======== Data extract ========
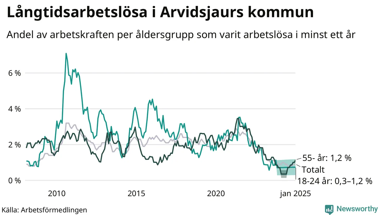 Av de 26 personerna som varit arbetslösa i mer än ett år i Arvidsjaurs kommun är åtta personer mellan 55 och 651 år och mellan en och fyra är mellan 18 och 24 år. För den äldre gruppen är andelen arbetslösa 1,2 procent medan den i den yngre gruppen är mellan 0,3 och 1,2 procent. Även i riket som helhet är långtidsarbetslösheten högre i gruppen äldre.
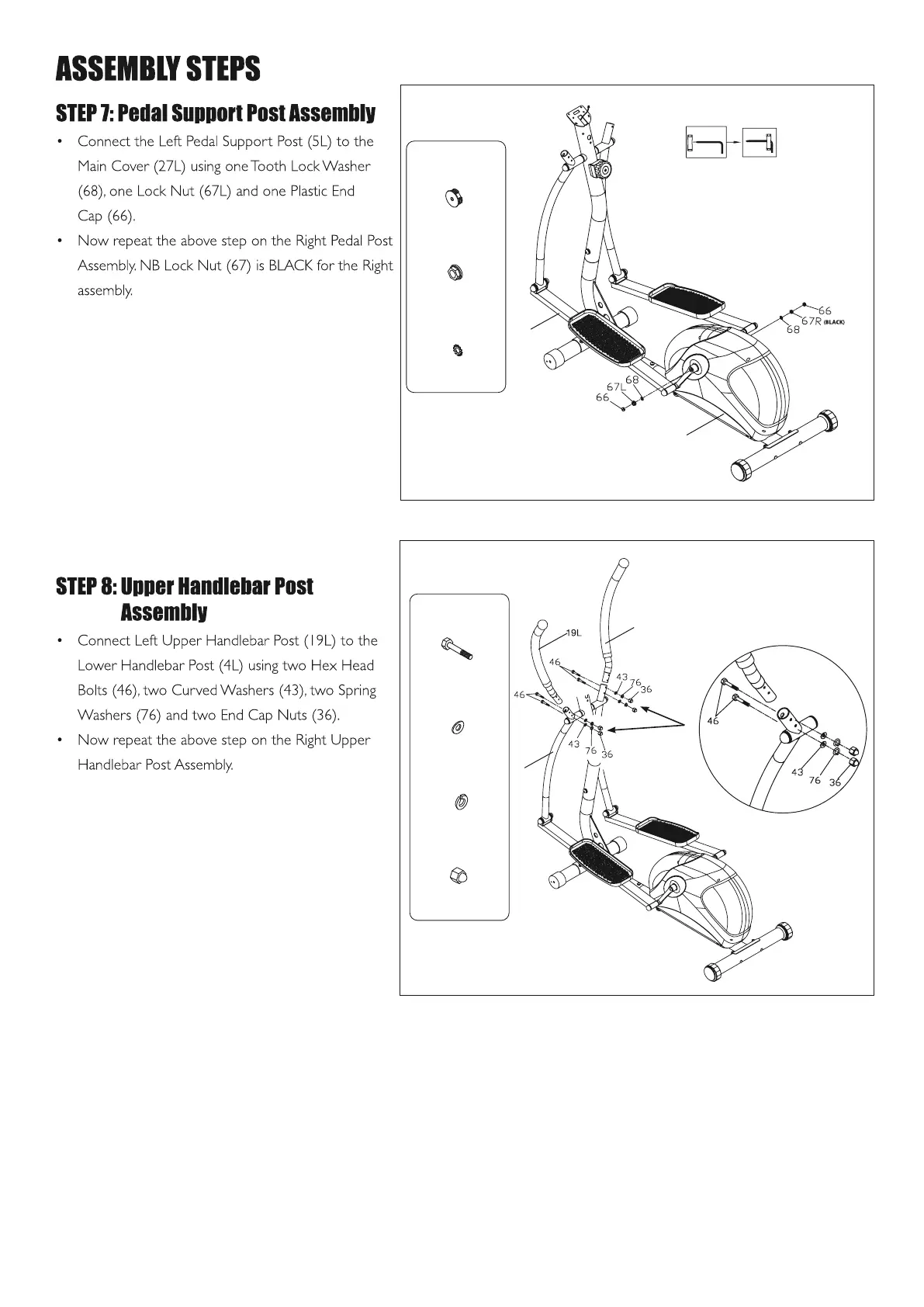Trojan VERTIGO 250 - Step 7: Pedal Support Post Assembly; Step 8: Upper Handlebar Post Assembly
========
======== Data extract ========
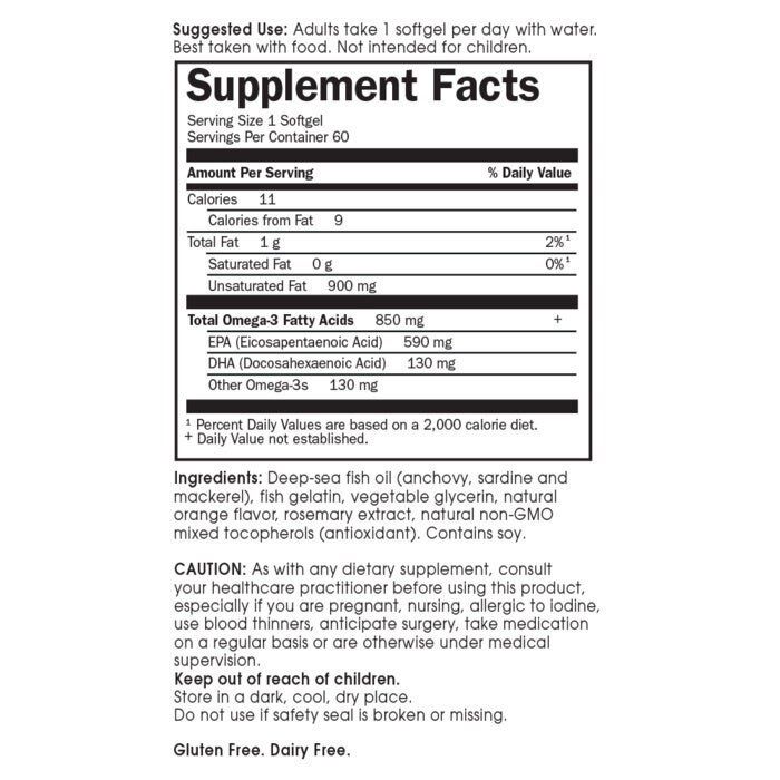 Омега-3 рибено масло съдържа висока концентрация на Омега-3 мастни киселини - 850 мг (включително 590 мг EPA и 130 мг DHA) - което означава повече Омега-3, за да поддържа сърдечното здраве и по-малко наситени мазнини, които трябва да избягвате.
========
======== Data extract ========
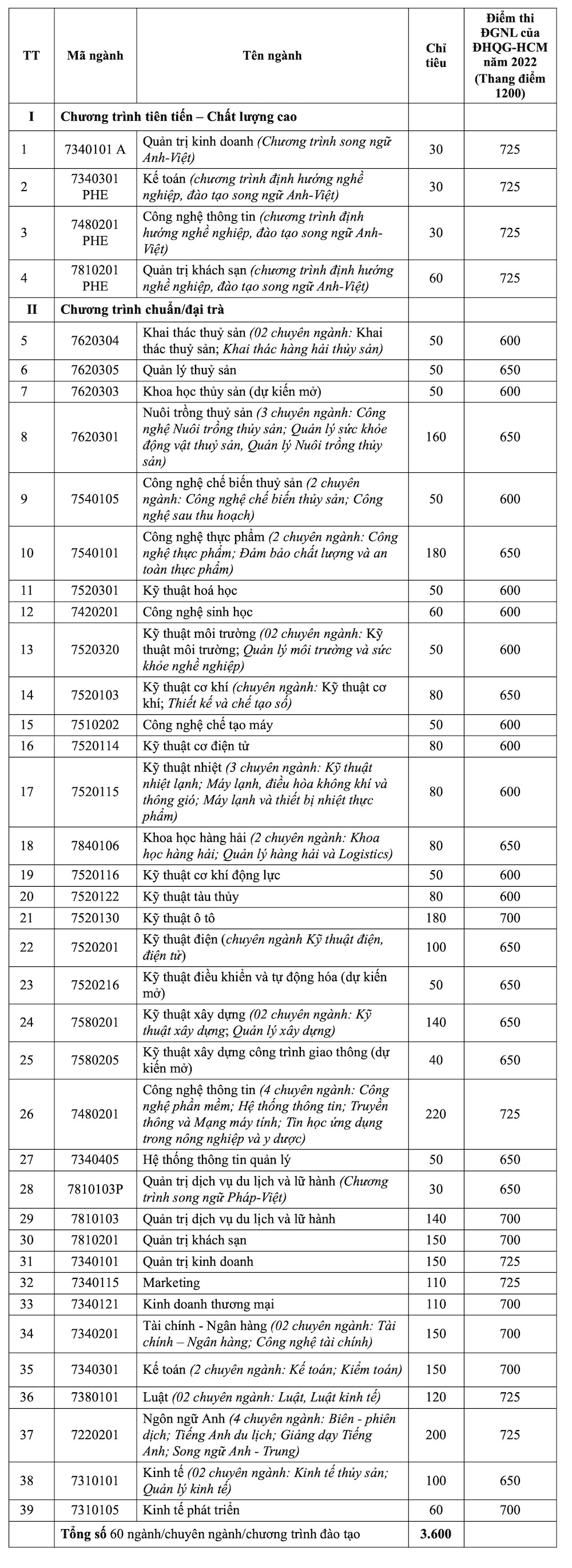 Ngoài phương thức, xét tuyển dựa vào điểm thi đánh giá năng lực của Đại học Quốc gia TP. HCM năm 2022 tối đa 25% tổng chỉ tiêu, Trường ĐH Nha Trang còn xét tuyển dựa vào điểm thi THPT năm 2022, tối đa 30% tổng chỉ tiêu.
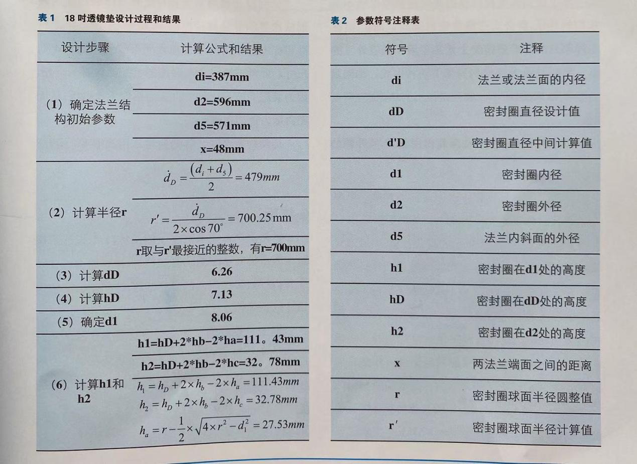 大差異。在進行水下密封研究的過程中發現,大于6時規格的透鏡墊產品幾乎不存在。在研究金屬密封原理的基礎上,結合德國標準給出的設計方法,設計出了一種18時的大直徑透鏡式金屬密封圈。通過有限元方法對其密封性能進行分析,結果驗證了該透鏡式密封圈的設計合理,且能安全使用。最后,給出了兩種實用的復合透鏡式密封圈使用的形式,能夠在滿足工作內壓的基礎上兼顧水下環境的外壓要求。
========
• Work to complete:
A clean copy is needed of the lines above from the one with "Av de 26 personerna" up to and including the one with "Trojan VERTIGO 250". Please set it down exactly, with no pictures.

• Exercise answer:
 Av de 26 personerna som varit arbetslösa i mer än ett år i Arvidsjaurs kommun är åtta personer mellan 55 och 651 år och mellan en och fyra är mellan 18 och 24 år. För den äldre gruppen är andelen arbetslösa 1,2 procent medan den i den yngre gruppen är mellan 0,3 och 1,2 procent. Även i riket som helhet är långtidsarbetslösheten högre i gruppen äldre.
Trojan VERTIGO 250 - Step 7: Pedal Support Post Assembly; Step 8: Upper Handlebar Post Assembly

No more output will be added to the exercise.